I was trying to compute
$$ \int_0^{\frac{\pi}{2}} \frac{1}{1+\cos^4x} dx$$
Which I was successfully able to evaluate as $\frac{\sqrt{\sqrt{2}+1}\pi}{4}$ by substituting $\tan x = t$, replacing $\cos^2x$ with $\frac{1}{1+t^2}$ and evaluating further, splitting the integral into two forms whose integrals are of the form $\frac{dv}{v^2+a^2}$ and $\frac{du}{u^2+b^2}$.
I was wondering if we can evaluate the same integral for higher exponents of $\cos x$, i.e. an expression for
$$\ I = \int_0^{\frac{\pi}{2}} \frac{1}{1+\cos^nx} dx$$
I tried the same substitution as above, but the integral turned out to be something I could not integrate.

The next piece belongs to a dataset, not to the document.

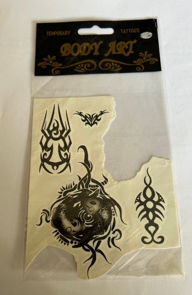 Bodyart/påstrykningsbara bilder typ tatuering som går att ta bort. Använt men det finns ju bilder kvar.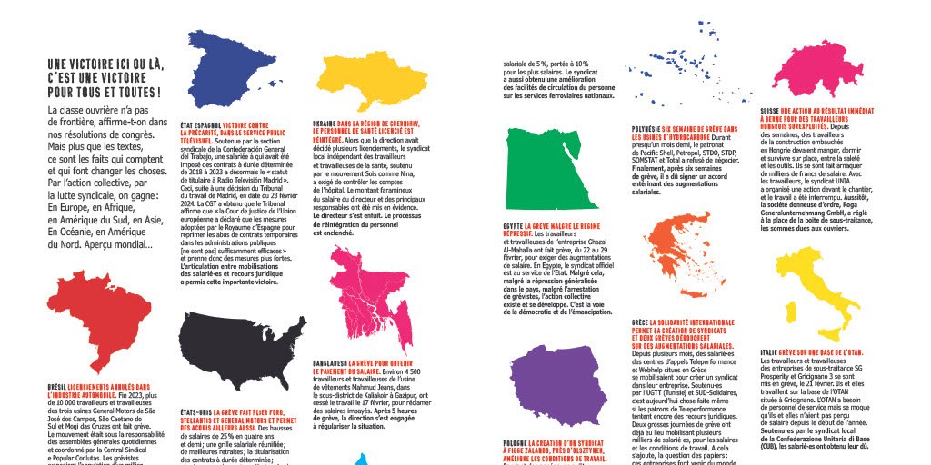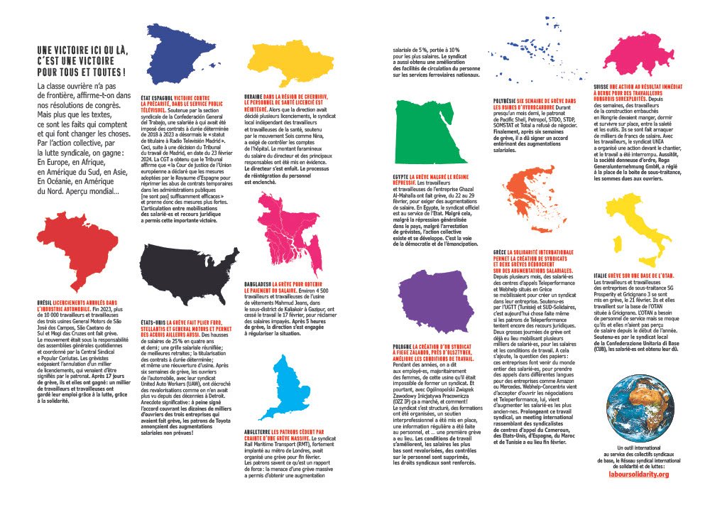 La classe ouvrière n’a pas de frontière, affirme-t-on dans nos résolutions de congrès. Mais plus que les textes, ce sont les faits qui comptent et qui font changer les choses. Par l’action collective, par la lutte syndicale, on gagne : En Europe, en Afrique, en Amérique du Sud, en Asie, En Océanie, en Amérique du Nord. Aperçu mondial…

$$\ I = \int_0^{\infty} \frac{dt}{(t^2+1)\cdot(1+(\frac{1}{1+t^2})^{n/2})}$$
$$\ I = \int_0^{\infty} \frac{dt}{(t^2+1)^{1-\frac{n}{2}}\cdot((t^2+1)^{\frac{n}{2}}+1))}$$
Let $\ (1+t^2)^{\frac{n}{2}} = v$, $\space$ i.e. $\ t = (v^{\frac{2}{n}}-1)^{\frac{1}{2}}$.
Substituting $\ v$ in the integral, we get:
$$ I = \frac{1}{n} \cdot \int_1^{\infty} \frac{dv}{(v+1)\cdot(v^{\frac{2}{n}}-1)^{\frac{1}{2}}}$$
I got stuck here. Can anyone give some suggestions on how to proceed further, or a better approach? I have yet to study complex integration or hypergeometric functions, so it would be greatly appreciated if you provide a solution without using them.